Following a publication about a prison facility in Cote d’Ivoire, a civil court imposed a fine of FCFA 5million (USD 8,356.55) on two senior journalists of the Générations Nouvelles and the newspaper after ruling that they published “false information likely to cause panic” in relation to the COVID-19 pandemic. The newspaper published that two people who had recently been taken into custody at the Abidjan Central Prison, were allegedly infected with the coronavirus. The prison administration denied the information and filed a complaint against Cissé Sindou, director of publication of the Générations Nouvelles and the editor, Marc Dossa as well as the media organisation on March 25, 2020.
In a similar incident, the police in Niger on March 5, 2020, arrested an independent journalist, Kaka Touda and detained him for four days before transferring him to the civil prison in Niamey on a detention warrant. The journalist was handed a three-month suspended sentence for “dissemination of information likely to disturb public order” under Niger’s 2019 cybercrime code. The journalist had published on March 4, that a suspected case of coronavirus infection had been recorded at the Niamey General Hospital, a claim rejected as false by the hospital authorities.
This onslaught against the media that has been recorded over just one month, is hardly the ideal prospect for an institution that is expected to play a critical role in the fight against the COVID-19 scourge.
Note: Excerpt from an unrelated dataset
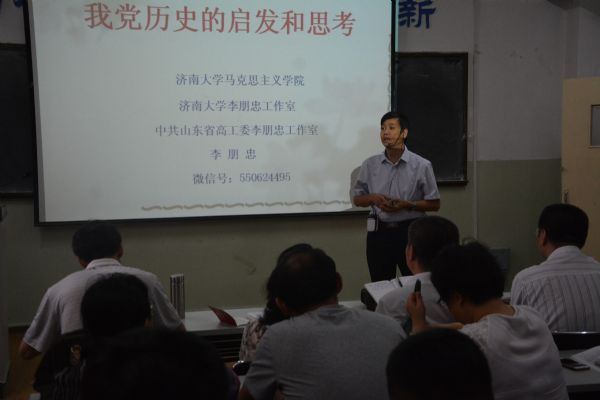 党委书记郑爱华为李朋忠老师颁发聘书,随后李朋忠老师为全体中国共产党员同志上专题党课。他以《我党历史的启发和思考》为题,从“历史选择了中国共产党、党发展壮大的过程、党成立以后做了什么、党的发展历史的启示、党面临的机遇与挑战以及需要思考的问题”六个方面做了一场生动的报告。李朋忠老师的党课旁征博引,深入浅出,感情真挚,幽默风趣,对中国共产党的历史和现实、理论和实践等问题进行深刻剖析,使大家进一步增强对党的认识。

The wanton attacks by security agents on journalists in the line of duty covering the pandemic have the potential to undermine the victims’ morale and hamper the vital contribution that the media is making and is expected to make towards national and global efforts to contain the spread of the disease.
The media is expected to play a critical public information, education and sensitisation role in the anti-COVID-19 crusade. This is crucial, given that information is the lifeblood of the campaign. The public needs adequate and accurate information about the precautions to take and where they can access help, and the media is the principal channel for disseminating this information. To attack journalists who are in the frontline of this function amounts to asphyxiating the exercise.
Having said this, the MFWA also recognises and shares in the concern that misinformation could be as fatal as lack of information. In this moment of emergency, false information can create panic and undermine the efforts of public health authorities. Consequently, we deplore any deliberate publication of false information not only in relation to the COVID-19 but on all subjects and at all times.
Nevertheless, the abuse of anti-false information laws to target critical journalists and censor the media is unacceptable. It is particularly alarming for countries which have otherwise scrapped criminal prosecution for press offenses, to impose judicial penalties including custodial sentence on journalists for publishing materials, under other laws ostensibly adopted to fight terrorism and protect national security.
In view of the above, we urge the governments of the various countries in West Africa to increase collaboration with, and ensure a free flow of information to the media to discourage speculations. The authorities of public institutions must prioritise the use of rejoinders and the complaints settlement mechanisms at the independent media regulatory bodies.
The military and other security agencies must be given further orientation on press freedom and the complementary roles they and journalists are expected to play in ensuring successful compliance with COVID-19 control measures announced by the various governments.
Finally, journalists must double-check their information before publishing them, being always sensitive about the potential impact of their publications on the fight against the pandemic. Media professionals must also take precautions to ensure their personal safety and security.